BFH - Beschluss vom 25.01.2022
XI B 60/20
Normen:
FGO § 135 Abs. 2;
Fundstellen:
BB 2022, 1301
BFH/NV 2022, 827
Vorinstanzen:
FG Hessen, vom 14.09.2020 - Vorinstanzaktenzeichen 6 K 1277/19

Grundsatzrüge im NichtzulassungsbeschwerdeverfahrenOption zu einer SteuerpflichtKlärungsbedürftige und klärungsfähige Rechtsfrage

BFH, Beschluss vom 25.01.2022 - Aktenzeichen XI B 60/20

DRsp Nr. 2022/8099

Grundsatzrüge im Nichtzulassungsbeschwerdeverfahren Option zu einer Steuerpflicht Klärungsbedürftige und klärungsfähige Rechtsfrage

NV: Es ist nicht klärungsbedürftig, dass § 9 Abs. 3 Satz 2 UStG, der den Verzicht auf die Steuerbefreiung des § 4 Nr. 9 Buchst. a UStG bei Lieferungen von Grundstücken außerhalb von Zwangsversteigerungsverfahren, jedoch nicht dessen Widerruf regelt, einer nachträglichen formwirksamen Optionsausübung auch dann entgegensteht, wenn sie zwischen den Vertragsbeteiligten einvernehmlich erfolgt und keine Gefahr von Steuerausfällen besteht.

Tenor

Die Beschwerde des Klägers wegen Nichtzulassung der Revision gegen das Urteil des Hessischen Finanzgerichts vom 14.09.2020 – 6 K 1277/19 wird als unbegründet zurückgewiesen.

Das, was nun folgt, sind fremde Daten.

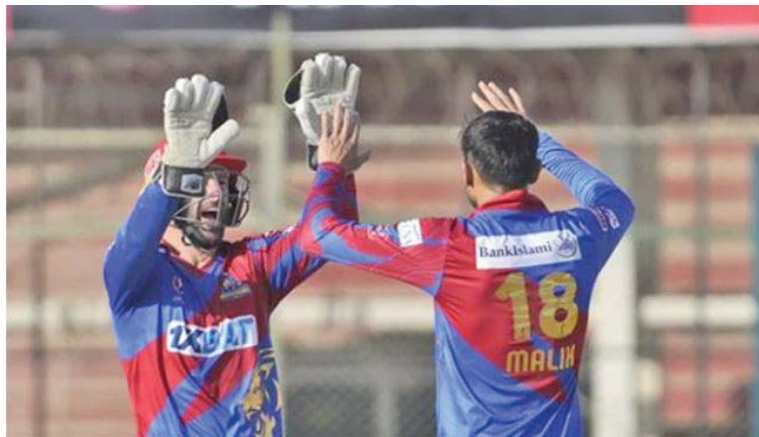
KARACHI: Karachi Kings players celebrate during the 14th match of the eighth edition of the Pakistan Super League played in the National Bank Cricket Arena in Karachi on Sunday.

Veteran all-rounder Malik struck again in his third over as he sent Sultans' skipper Mohammad Rizwan (29) back to the
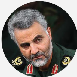
IRGC Major General Qasem Soleimani
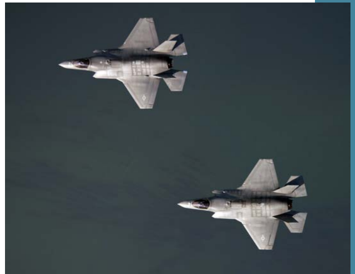
Two F-35s fly during a recent training exercise.

Recognizing the immense value that wargaming has historically had in strengthening our force in times of strategic, operational, and technological transition — such as during the interwar years between World War I and World War II, when air, land, and naval wargamers developed innovative approaches in areas like tank warfare and carrier aviation — this budget makes significant new investments to reinvigorate and expand wargaming efforts across the Defense Department. With a total of $55 million in FY 2017 as part of $526 million over the FYDP, this will allow us to try out nascent operational concepts and test new capabilities that may create operational dilemmas and impose unexpected costs on potential adversaries. The results of future wargames will be integrated into DoD's new wargaming repository, which was recently established to help our planners and leaders better understand and shape how we use wargames while also allowing us to share the insights we gain across the defense enterprise.
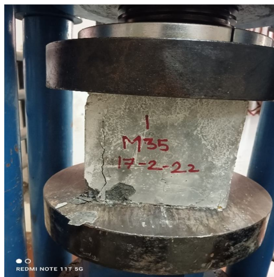
Figure 3. Compressive Strength Test
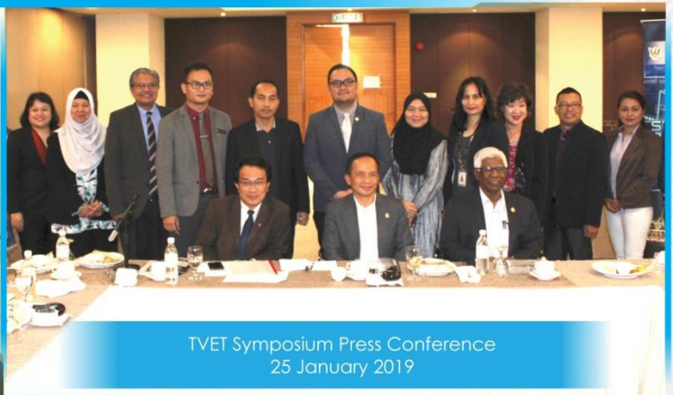
TVET Symposium Press Conference 25 January 2019
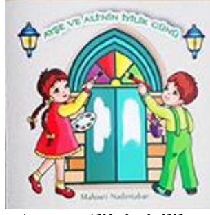
Ayşe ve Ali'nin iyilik günü (author and illustrator)
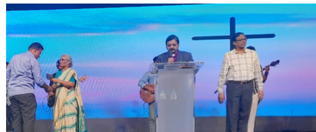
Felicitation of the families
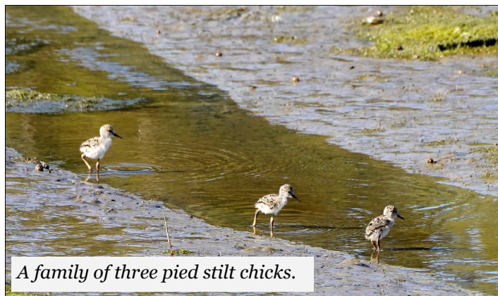
A family of three pied stilt chicks.
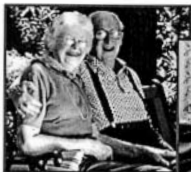
Meet new friends in our flower-filled patio
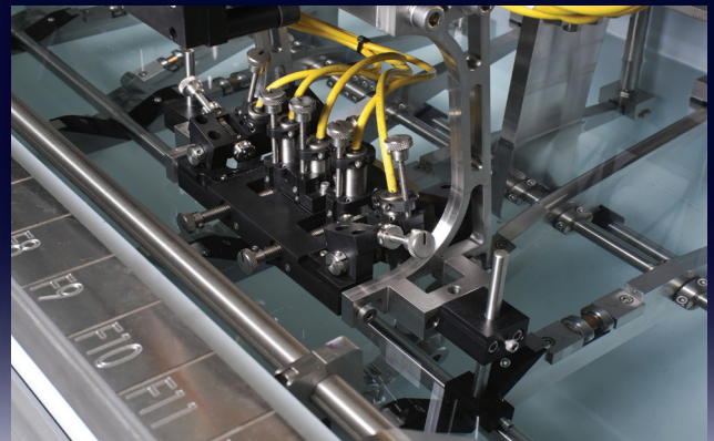
MULTI-AXIS SCANNING HEAD ENCOMPASSES 5 TRANSDUCERS
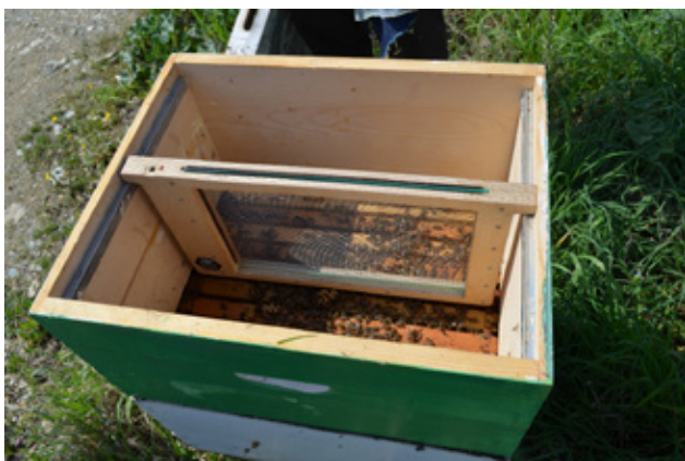
Figure 1. The bee venom collection device was placed inside the hive on a second empty floor.
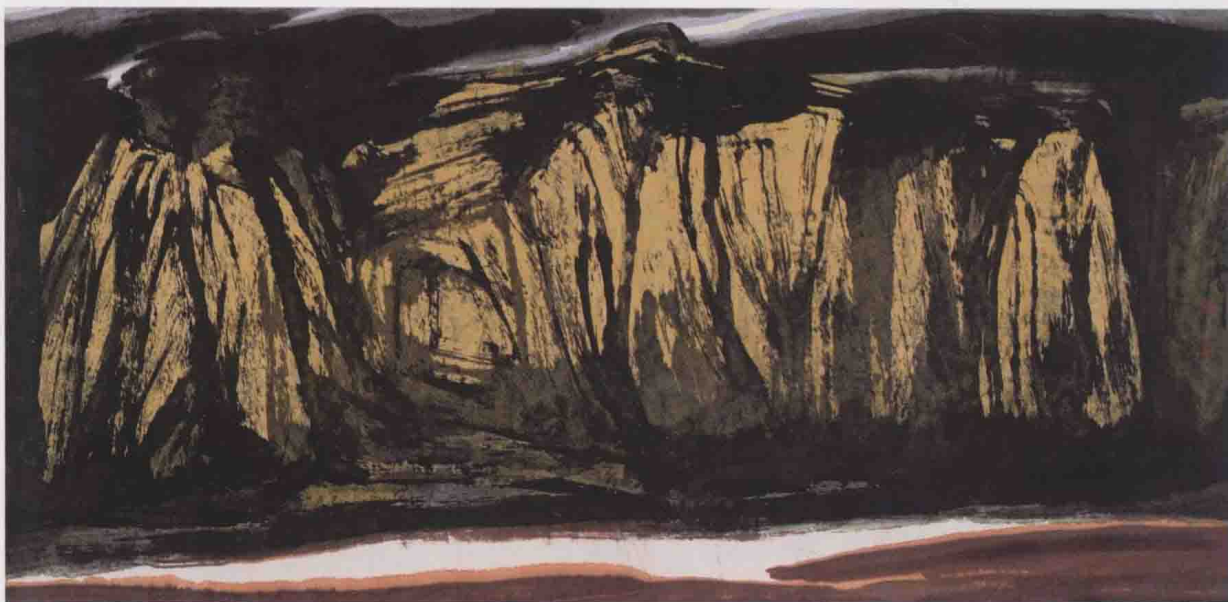
周韶华 / 巴山蜀水 / 纸本水墨
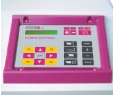
Soft-touch keypad to set up parameters
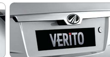
CHROME REAR APPLIQUE
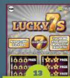
Game 801 Lucky 7's
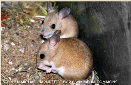
Spinifex hopping mouse ( Notomys alexis ) Big mouse with big ears and eyes. Hops on back legs. Very long tail with hairy tuft on the end.
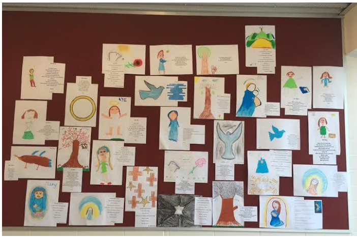
Year 5 wrote their own version of the Hail Mary and then responded through art...
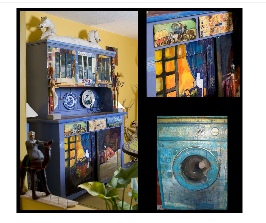
FIGURE 3 | Addictive period. Examples of furniture and equipment being transformed in pieces of art illustrating the change in quantity and in surfaces of application.

behaviors performed for long periods of time at the expense of other activities (33). To our point of view, creativity is the opposite of punding in its fundamental characteristics: by definition, creativity implies: (i) novelty, not repetitiveness and (ii) usefulness, not aimlessness. In fact, punding is even discussed to be included in the rubric of stereotypies (34).
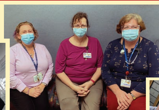
Henry Ford Hospital HTC, Detroit
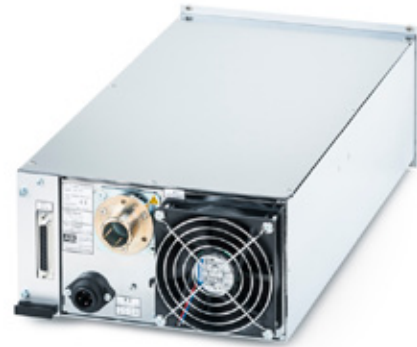
Rear view GS 15/20/30 with coax plug

These compact power supplies were developed for small magnetrons in production plants and laboratories. Easy and safe operation make these power supplies very flexible for many processes. The arc handling adjusts automatically to different process parameters, so that programming is unnecessary. The air cooled units are designed for manual and remote-controlled operation, for installation in 19"-racks.
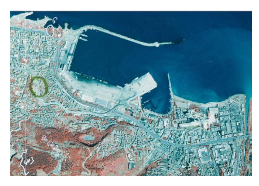
Fig. 5: The new dated image covering coastal zone in the study area

The hardware and software used in the study included Z/I Imaging SSK digital photogrammetric system working on workstation and MicroStation V8 from Bentley. Imagery was processed in SSK performing model orientation and extracting topographic features. Because of the nature of the triangulation algorithms in SSK, some ground control points are required to give initial approximations of the model, as both the relative and absolute orientation stages are performed simultaneously. Four ground control points were scaled from existing mapping and measured in one stereo pair. After the model oriented from the images in 1973 and 2002, respectively, the coastal line and other topographic features were measured.
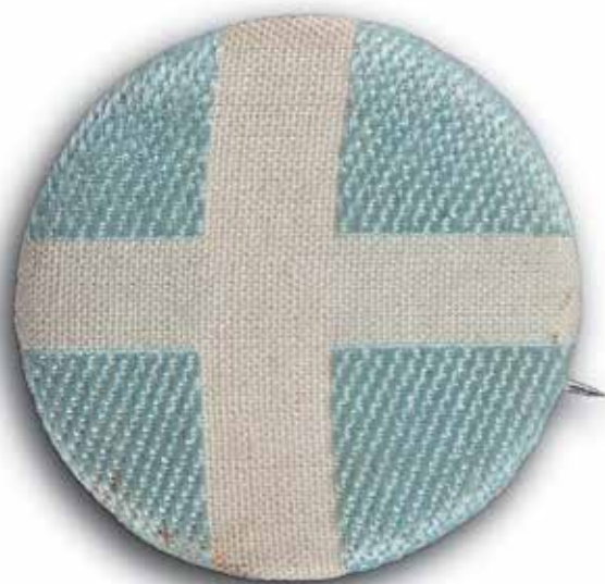
Hand made cloth pin for Greece in 1896 – the first National Olympic Committee Pin in the history of the Olympic Games. The diameter of the pin is 23 mm.
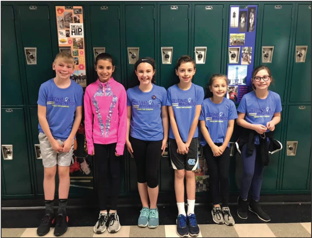
The Hurricane Helpers dominated at Destination Imagination in May placing 7th at Globals.
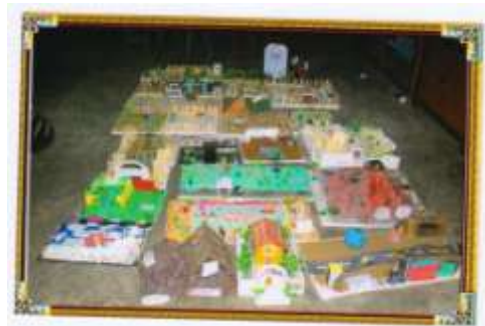
58 models of Animal shelters prepared by students of Sri Sankara Vidhyalaya, Pammal
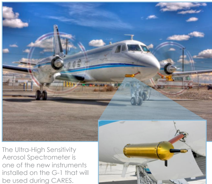
The Ultra-High Sensitivity Aerosol Spectrometer is one of the new instruments installed on the G-1 that will be used during CARES.
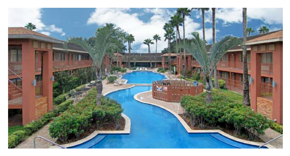
Palm Aire Resort Hotel

(www.bfcs.net) – BCFS is the granddaddy of resettlement for UACs. ORR 2014 grants totaled $280,156,954, strictly for "Residential Services for Unaccompanied Alien Children." One grant alone was over $190 million. BCFS does an astounding amount of work as a government contractor for HHS in many different areas, but this is obviously a growth industry for them. Last summer BCFS earned notoriety as the winner of a $50 million government contract to purchase Palm Aire Resort hotel in Texas and convert it to a 600 bed facility for illegals. The Resort featured indoor and outdoor pools, free Wi-Fi and cable. BCFS abandoned the contract following public outrage.
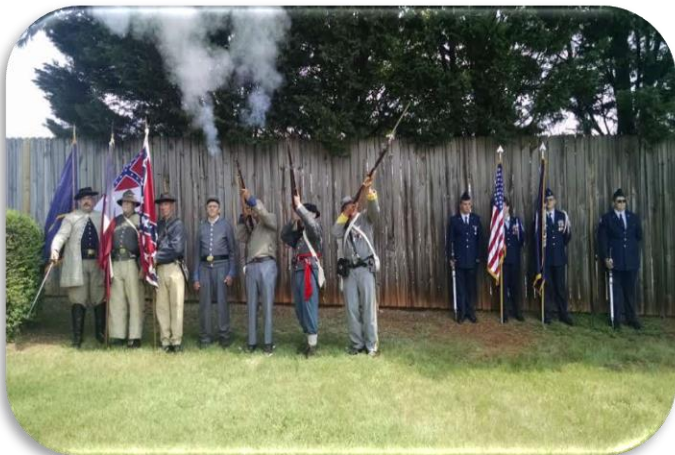
Franklin Fireaters open ceremony with a gun salute.
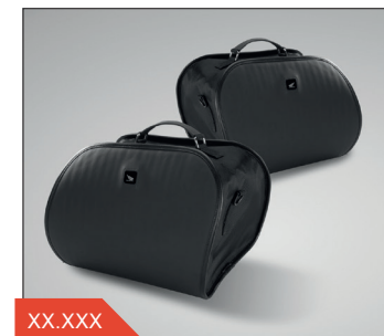
PANNIER INNER BAGS 08L56-MGE-800B

Set of two fashionable and carryable black pannier inner bags with black zippers and Honda Wing logo. 18L of carrying capacity with each, with handle and straps for carrying ease. Fits the 29L panniers perfectly.
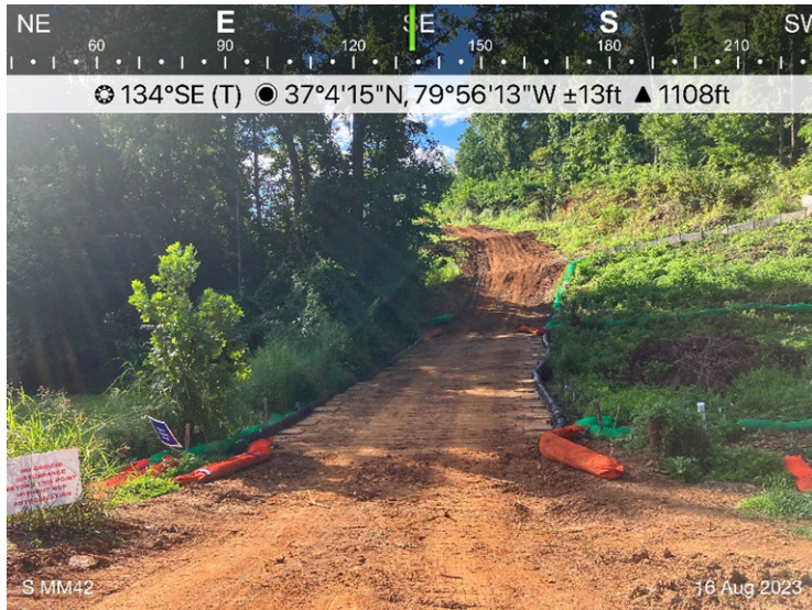
Figure 3: Designated crossing S-MM42, ECD's are in place.
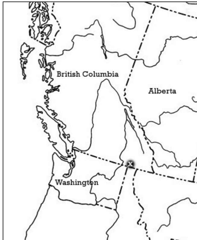
Figure 5. Canadian distribution of the margined streamside moss (X = Boundary Lake area).
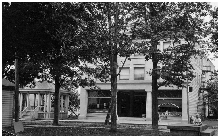
1906 completed Opera House, Bank on left side

More Downsville Bank history in upcoming issues of Colchester History Connections.
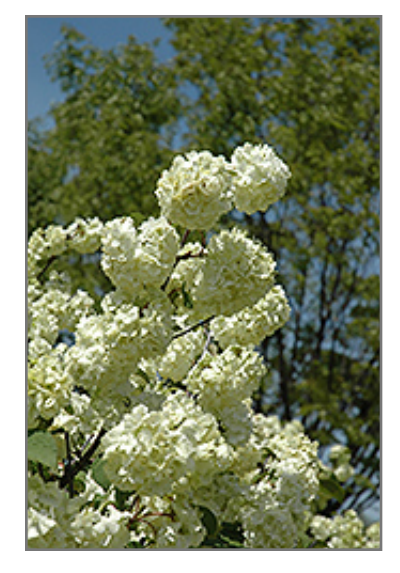
Grandiflorum Doublefile Viburnum flowers

This is a relatively low maintenance shrub, and should only be pruned after flowering to avoid removing any of the current season's flowers. It is a good choice for attracting birds to your yard, but is not particularly attractive to deer who tend to leave it alone in favor of tastier treats. It has no significant negative characteristics.
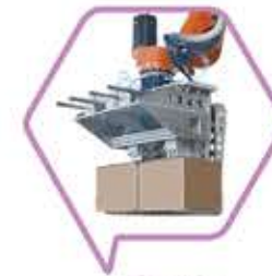
Carton Double Gripper
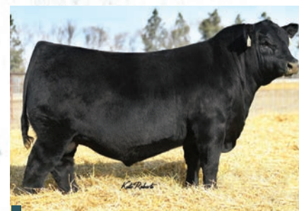
Service Sire S A V MAGNUM 1335

■ Alice 116M is backed by a Renovation dam known for maternal strength and structural integrity. She offers balanced EPDs across growth and carcass traits, making her a versatile addition to any program. Sired by BR MVP, she brings added muscle expression, fleshing ability, and body depth, all wrapped in a gentle, easy-handling disposition. Bred to Magnum for added performance and style. Will be parent verified and genomic tested by sale day. AI BRED TO S A V MAGNUM 1335 ON MAY 1, 2025.
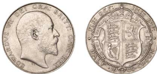
391 Halfcrown, 1908 (ESC 3574; S 3980). Surface marks, otherwise extremely fine £300-£400
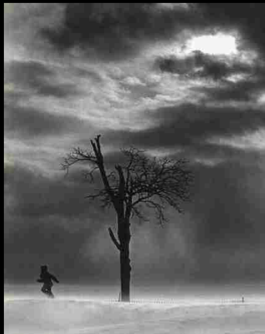
Brian Cowan Run 1 st Place, BRONZE 81.7 points
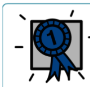
pick a prize

We talk to the dentist. When the dentist is done, I get a sticker for being a great helper. I did a great job. Everyone is proud of me.
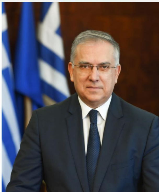
Panagiotis (Takis) Theodorikakos Minister Ministry of Development

Panagiotis (Takis) Dimitriou Theodorikakos is Minister of Development and Member of Hellenic Parliament of Athens B3 Constituency (South).
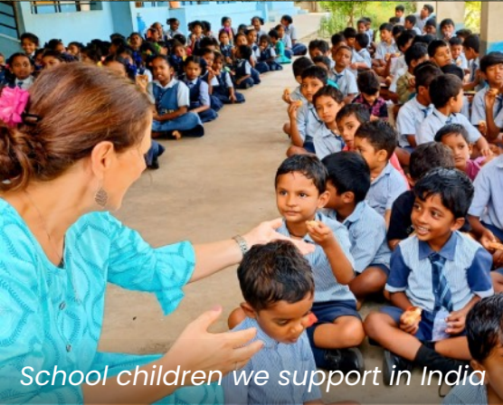
School children we support in India
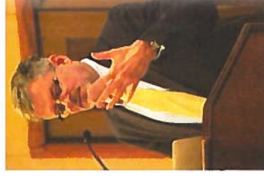
Professor Christopher Clark, University of Cambridge, at 2014 Conference
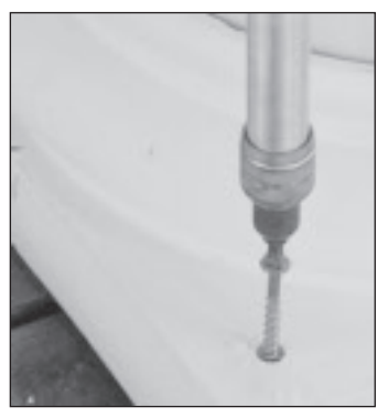
8. Apply construction adhesive* to bottom of base and nail or screw to floor.

Die Kosten des Beschwerdeverfahrens hat der Kläger zu tragen.

Normenkette:

FGO § 135 Abs. 2;

Gründe

Die Nichtzulassungsbeschwerde des Klägers und Beschwerdeführers (Kläger) ist unbegründet und daher zurückzuweisen.

1. Die vom Kläger geltend gemachten Revisionszulassungsgründe liegen nicht vor.

a) Die Revision ist nicht zur Sicherung einer einheitlichen Rechtsprechung (§ 115 Abs. 2 Nr. 2 Alternative 2 der Finanzgerichtsordnung —FGO—) zuzulassen.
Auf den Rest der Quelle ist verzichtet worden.